Lucio Salvatore (born May 3, 1975) is an Italian-born multidisciplinary Brazilian artist who works with sculpture, photography, text, painting, performance and appropriation of processes. Salvatore lives and works in Rio de Janeiro and in Sant’Elia Fiumerapido, Italy. Salvatore’s artworks are situations created with heterogeneous elements, processes and people that work together in experimental form. His work is seen as a critique of both centralized and decentralized powers and its abuses, social control and consumerism in its broadest declination, especially cultural.

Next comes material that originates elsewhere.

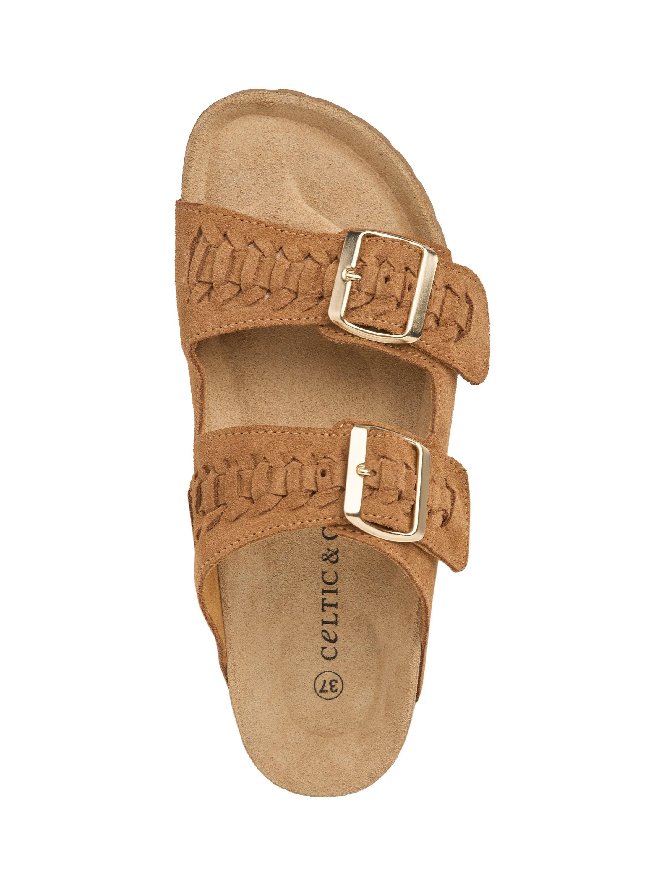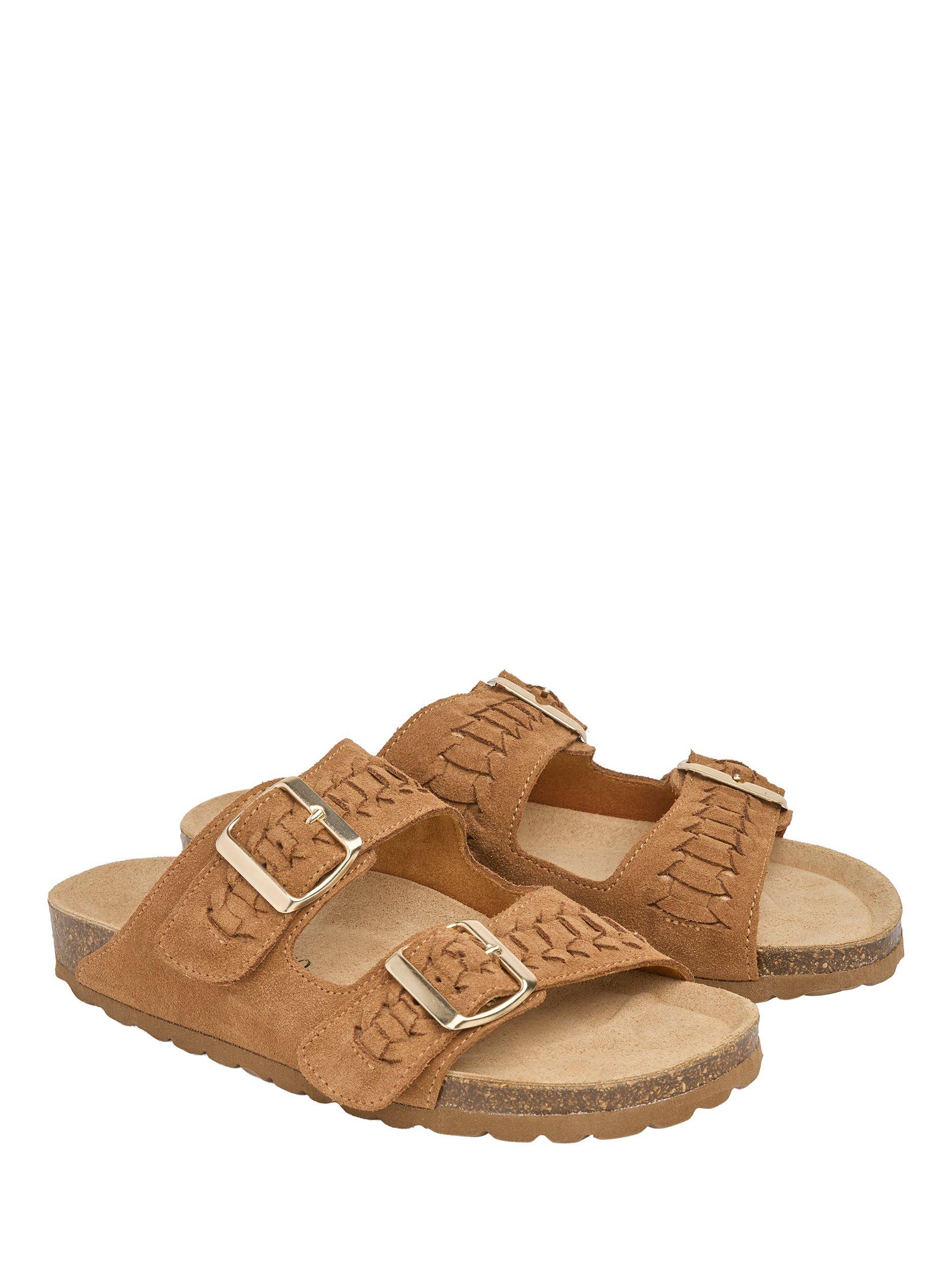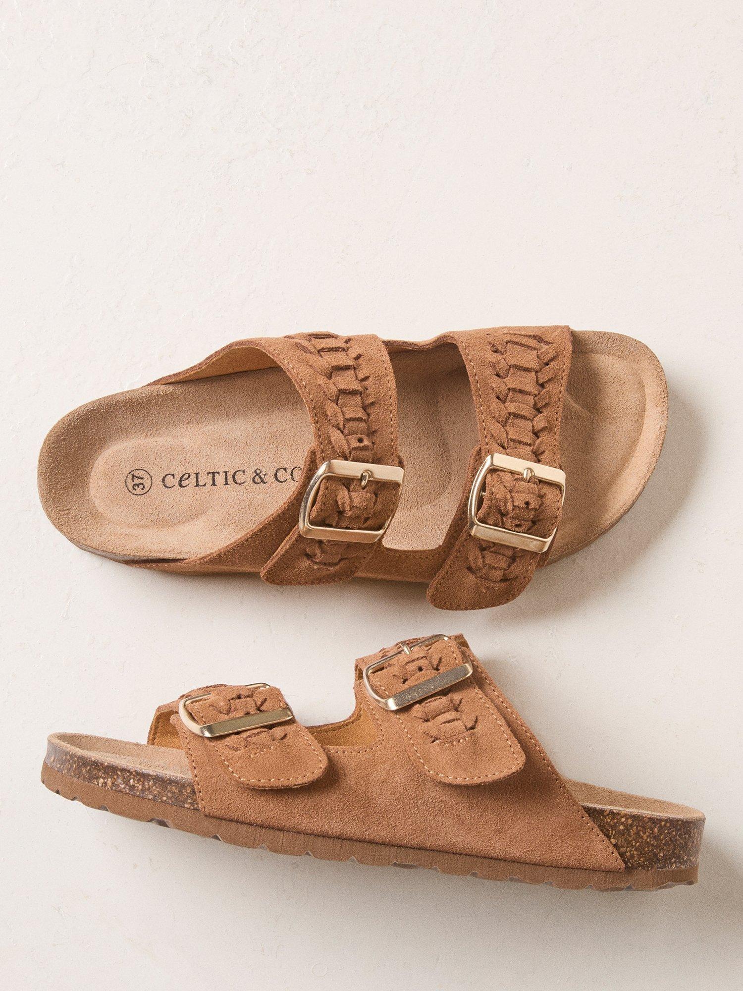 These plaited sandals crafted in soft cow suede features the brand's signature moulded cork sole, blending style and comfort.

Salvatore is known for his body of work 'Some Other Race', a unique series of conceptual artworks created with human blood that opens new perspectives on the way the nature of the work of art can be thought. Through parodies of scientific methods of classifications and categorizations, Salvatore looks at the common elements that precede rigid definitions of people's identities, the indiscernible nature of the fluid from where any difference comes from, as the artist declares in his interview with Brazilian journalist Jo Soares in 2010.

Biography 

Salvatore was born in Cassino where he attended the Liceo Classico ‘G. Carducci’. He graduated in economics from Bocconi University in Milan (March 1998). During this time, he also attended philosophy courses at the University of Milan. He studied photography in New York City where he lived from 2002 to 2010 and fine arts at Escola de Artes Visuais Parque Lage in Rio de Janeiro, where Salvatore developed his roots as an artist.

Exhibitions 

 Museum of Modern Art, Rio de Janeiro, Brazil, Lucio Salvatore | Metaelementi (2017-2018)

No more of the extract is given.